L’Unione Europea non è una cittadella assediata da Nuovi Barbari che scalpitano e imperversano alle sue frontiere. Essa incorpora nel suo DNA altri geni, altre più varie e inesauste combinazioni genetiche che la rendono capace, volendo, di scoprirsi diversa e alternativa a deviazioni, scissioni e derive clerico-capitalistiche che sembrano e sono speculari ad altre e più recenti derive islamistiche.

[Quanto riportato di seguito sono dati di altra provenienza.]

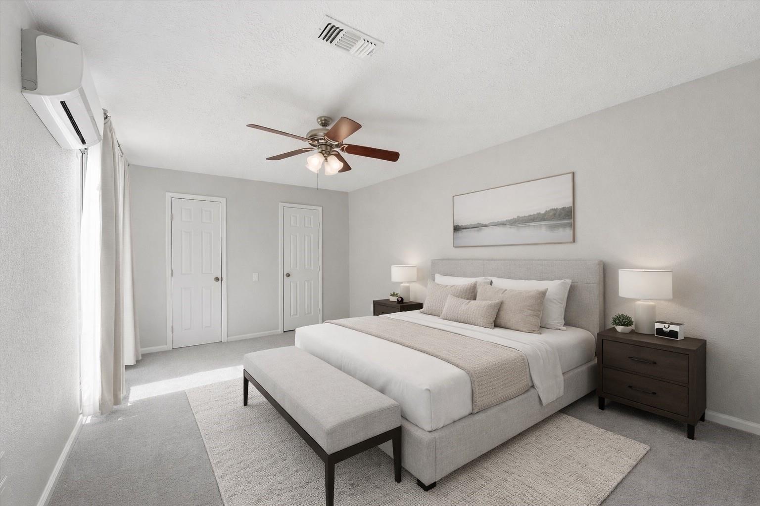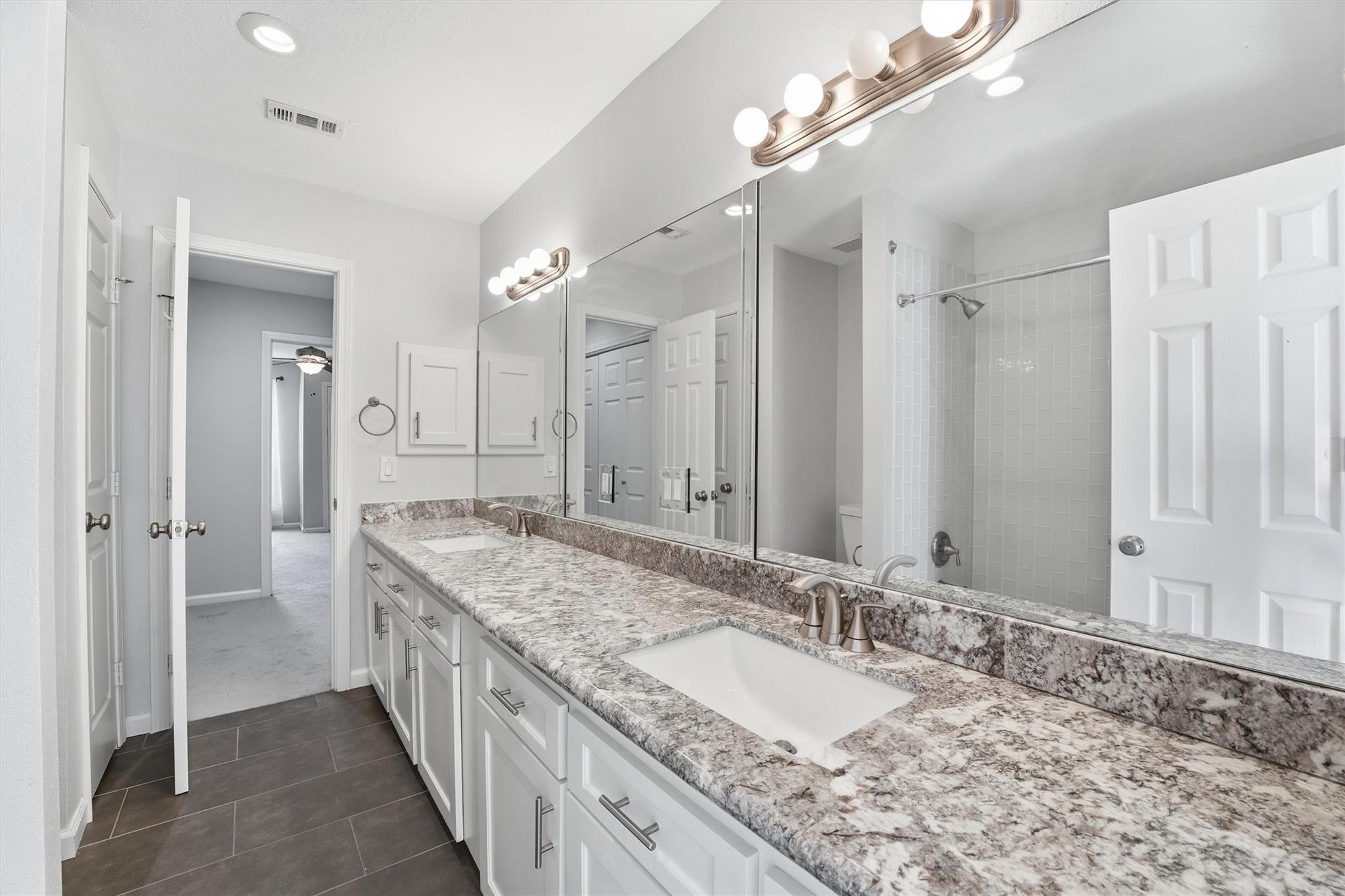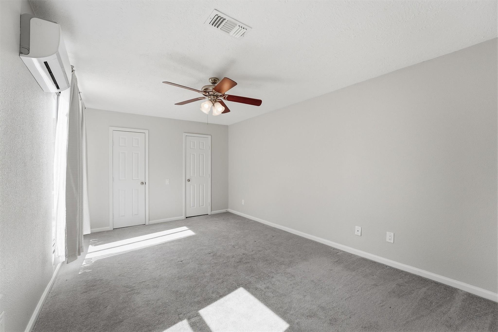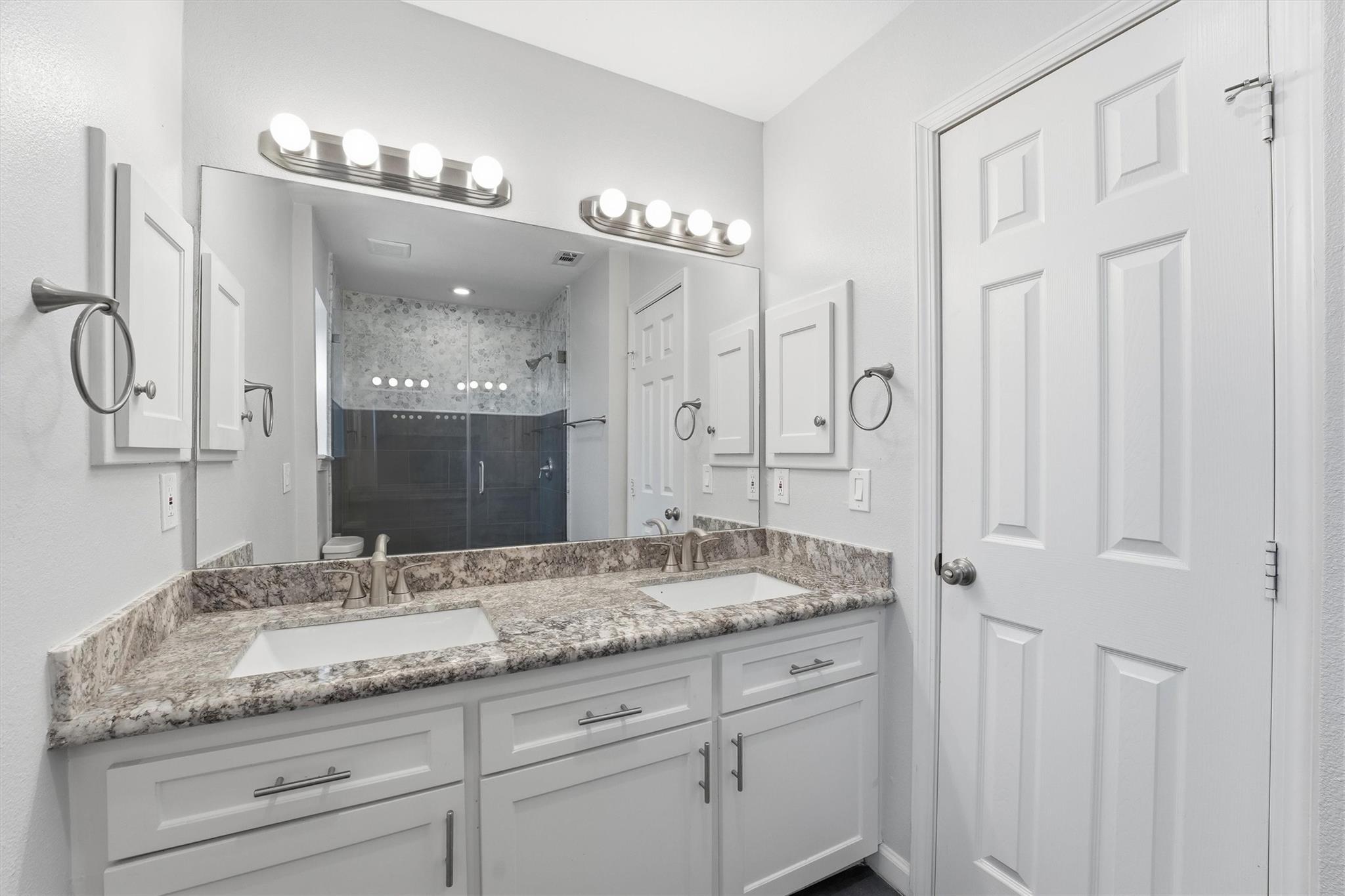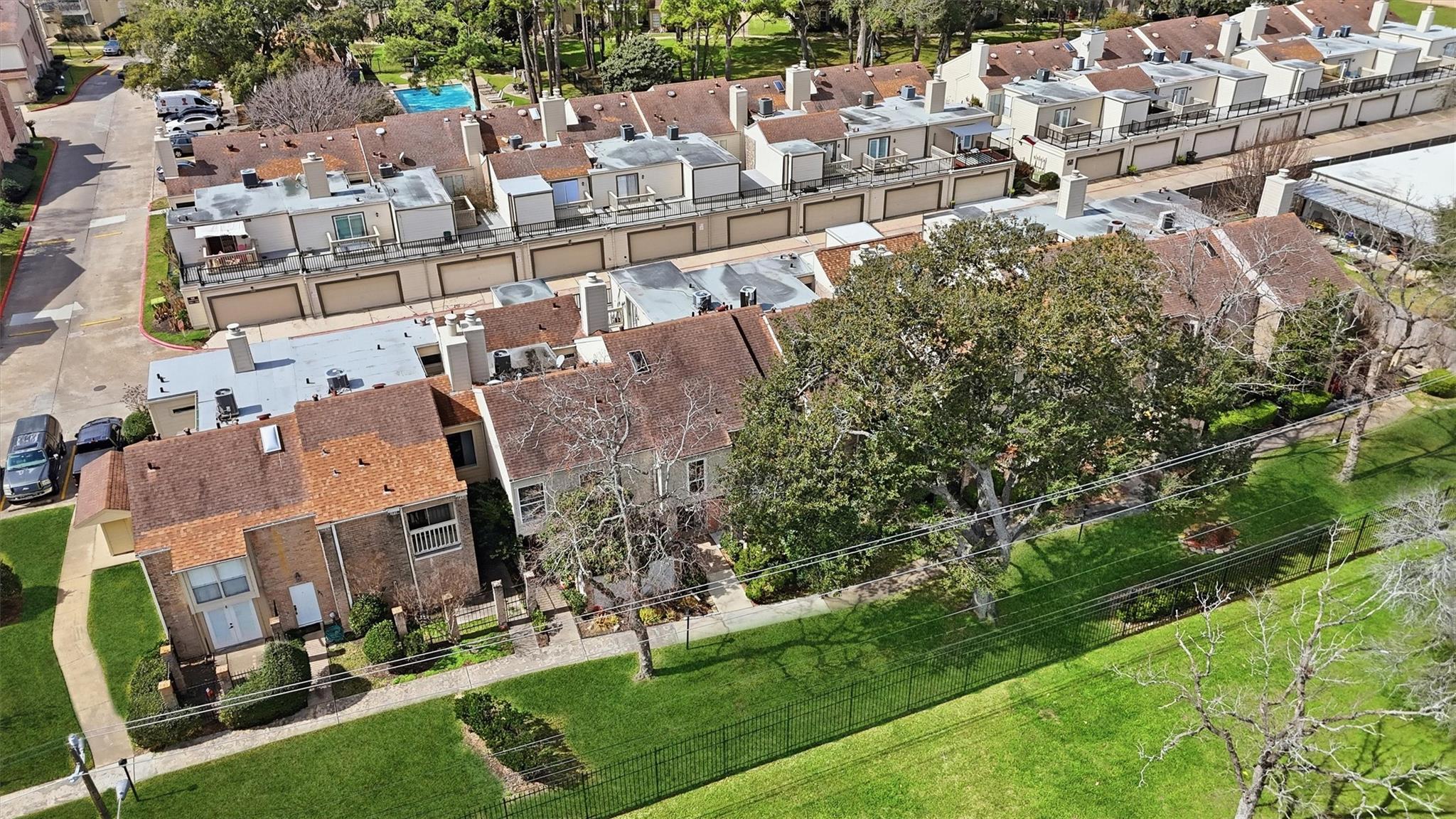 Updated, move-in-ready townhome in a gated Energy Corridor community. Featuring one of the largest floor plans, this versatile home offers two primary suites and a third bedroom. A wrought-iron fenced patio overlooking green space welcomes you. Inside, the first floor includes a central light-filled atrium, a bedroom with a custom walk-in closet, and a kitchen equipped with granite counters and stainless steel appliances. 2nd floor has 2nd primary suite providing a private balcony and dedicated mini-split AC/heat, a flex space perfect for office, gym, or gameroom and secondary bedroom. Never flooded. Lower HOA dues. Recent updates include fresh paint (2026), PVC plumbing (2019), HVAC (2020), and a Wi-Fi garage door opener (2023). Enjoy an oversized garage, ample guest parking, and an excellent location walking distance to Spring Branch ISD schools, with quick access to highways, shopping, dining, and Nottingham Park.

La Storia e la Didattica della Storia, manifestando e approfondendo le loro plurime e complesse “radici”, sono in grado di fornire all’Europa qualche notevole e pregevole punto di ancoraggio e di riferimento alternativo alle logiche integralistiche imperversanti anche e soprattutto per motivi politici ed economici in Occidente ( La Cina e l’India stazionano ai bordi della Cittadella solo per azzannare e divorare le ambite prede asserragliate nell’Ultimo Ridotto di Fort Apache generosamente ed eroicamente difeso e protetto per tutto l’Occidente, compresi i fedifraghi Europei, dalla rediviva ed insepolta Cavalleria federale di un risuscitato e sempre più spavaldo Generale Custer).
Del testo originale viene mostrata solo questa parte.